How to lie with statistics
Trump/McKinley Paycheck Protection Program edition
On Tuesday, our local congressman, David McKinley, retweeted the following from the GOP and the White House:
The #PaycheckProtectionProgram is helping small businesses across the country, especially the smallest and hardest hit.
— Financial Services GOP (@FinancialCmte) April 28, 2020
In fact, 1 million out of the first 1.6 million #PPPLoans went to businesses with 10 employees or less. pic.twitter.com/IElCLMH7oB
America's smallest businesses received the majority of loans in the first wave of the Paycheck Protection Program! 🇺🇸 pic.twitter.com/KzvGKF0cjh
— The White House (@WhiteHouse) April 28, 2020
I had read that the Paycheck Protection Program had favored large businesses over small ones and that many small businesses had been shut out by banks who clearly favored their own clients. But wow, what a great program! It's a government program reaching those who most need it. Or that, at least, is how Trump and McKinley want us to respond to the program. A closer look yields a much different response.
Some analysis
The first McKinley tweet tells us that “1 million out of the first $1.6 million went to businesses with 10 employees or less.” But wait a minute, the program gave out a total of $349 billion (with a b). If you do the math (subtracting 1.6 million from $349 billion), the obvious question becomes “what happened with the remaining $348,998,400,000?” We don’t know: despite pressure from Democrats and the media, the government has still not released who received what amount.

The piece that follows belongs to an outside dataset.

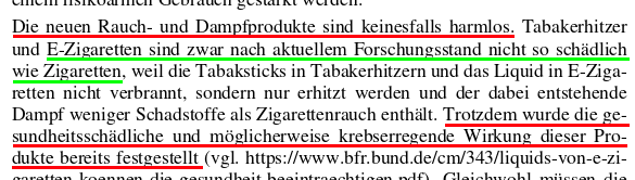 Sie begründen das mit einer herbeifantasierten Gefährdung der Jugend, die ja dem Dampfen verfallen ist und mit einer behaupteten Gesundheitsschädlichkeit, die sie einer vollkommen veralteten Stellungnahme des BfR (2012/2013… ist ja nur um die acht Jahre alt und würde selbst vom BfR heute nicht mehr so formuliert werden) [2] entnommen haben. Sie faseln davon, dass E-Dampfen zu Gesundheitsschäden führen kann… woher sie dieses Wissen haben, bleibt ein Geheimnis… ist also auch ein „Geheimwissen“… und philosophieren über das ach so abhängig machende Nikotin.

Look at McKinley’s second tweet. It appears to be new information, but it is the same information as the first only it's stated differently. 1 million divided by 1.6 million yields the 62.5% figure. Again, the $1.6 million is a very, very small percentage of the amount spent. (If I did the math correctly, the amount cited is less than one-half of one percent of the overall total.) As I noted above, the government has revealed nothing about how the money was spent in the 99.5% of the program that was not in the first wave.
What we do know
The Associated Press, Fortune, and CNBC, among others, have done some investigating and found that many of the program's recipients did not fit the "mom and pop"or small business label that the Trump administration attached to them. For instance, the CNBC link headlines:
Here are the largest public companies taking payroll loans meant for small businesses
It then presents the following chart (from Morgan Stanley’s findings):
Congressman McKinley: how is this helping America’s small businesses? And if this is such a good program, why don't you pressure the Trump administration to list the recipients and the dollar amount they received? That way, skeptics such as myself can see what a great job the Trump administration has done.